The fifth pick and Al Jefferson is way too much. Let's think about this for one second. 

Pierce and Garnett would be a great duo, but the bench would be depleted.

Garnett is 31 years old.

We're giving up two potential all stars.

Garenett will not resign with us after next year.

WHY WOULD WE GIVE UP THE ONLY TALENTED PLAYERS/PICKS WE HAVE?



whiterhino said:


> As for the Marion comment I would take Marion EVERY day over the #5 pick, he's an NBA All-Star which is what you hope the #5 pick might turn into 5 years from now. I'm tired of rookies and young guys. I want to win now. The WHOLE point of collecting young talent was to make a trade for a superstar. Well Kevin Garnett is a superstar. I loathe losing Jefferson but he's the only player in the mix I even mind losing so for Garnett pull the trigger Danny. It is WELL PAST time to WIN. The Celtics will be good again finally, maybe only for a few years but i'll take it at this point. Let's go Celtics...............
> Now we just need to convince Garnett that Boston would be a good home for him :yay:


White, I don't think you're understanding that Marion does not fit with this team. In fact, he doesn't even fit in this conference.


----------



## Krimzon

> "The Boston trade isn't happening," Garnett's agent, Andy Miller, told ESPN.com's Chris Sheridan. "If a trade were to happen, that's not a destination that we're interested in pursuing."

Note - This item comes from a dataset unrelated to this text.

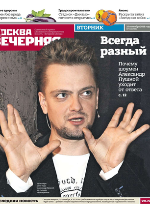 «Вечерняя Москва» — ежедневная российская вечерняя газета, старейшее из вечерних изданий в России, учрежденное в 1923 году. Выходит пять дней в неделю, кроме субботы и воскресенья. Отличается тем, что рассказывает о событиях еще не завершившегося дня. Оперативно освещает хронику и особенности жизни Москвы, охватывает все слои общества и большинство профессиональных и возрастных групп читателей.Издание представлено тремя выпусками – утренним ежедневным, вечерним (выходит три раза в неделю), еженедельным (выходит по четвергам).

It would have been nice to see Pierce and Garnett play together. To bad. The Celtics are just going to have to improve.


----------



## rainman

ehmunro said:


> Great, tell me when they're winning that title and how much you're wagering. I could use some entertainment. And, umm, in case you haven't noticed, the team's been a laughingstock since Danny "saved it". Back in 2004 Boston got rejected by the likes of Etan Thomas, Brian Skinner and Antonio McDyess. They have an image problem, and it has just _a little_ to do with cheap owners and incompetent management. If Garnett was looking to win, then it's safe to say that he didn't expect the front office and ownership to do what it took to field a contender. They won't be contending any time soon.


I wouldnt wager a dime on them going anywhere with Garnett on board. He'd barely replace Jefferson's production, he can kiss my *** for all i care.


----------



## Causeway

aquaitious said:


> The fifth pick and Al Jefferson is way too much. Let's think about this for one second.
> 
> Pierce and Garnett would be a great duo, but the bench would be depleted.
> 
> Garnett is 31 years old.
> 
> We're giving up two potential all stars.
> 
> Garenett will not resign with us after next year.
> 
> WHY WOULD WE GIVE UP THE ONLY TALENTED PLAYERS/PICKS WE HAVE?


I agree. We would still have good players, but we were giving up too much. Big Al _wants _to play in Boston. Garnett did us a favor. 




aquaitious said:


> White, I don't think you're understanding that Marion does not fit with this team. *In fact, he doesn't even fit in this conference.*


um, more than slight exageration. The guy is a hell of a player, I am pretty confident he could find a spot in the conference to do very well. And Boston may not be the perfect spot for Marion, but he'd do fine here. PLayers like him figure out how to contribute. And teams figure out how to use them. Well, who knows with Doc. But he'd still do fine here.


----------



## Causeway

By the way, I just noticed this at the bottom of the Garnett article:



> Complicating matters further, *Marion *also has the right to become a free agent after the 2007-08 season and has also let *it be known that he doesn't want to play in Minnesota or Boston*, sources say. That stance quickly killed the possibility of a three-way deal involving Minnesota, Phoenix and Boston.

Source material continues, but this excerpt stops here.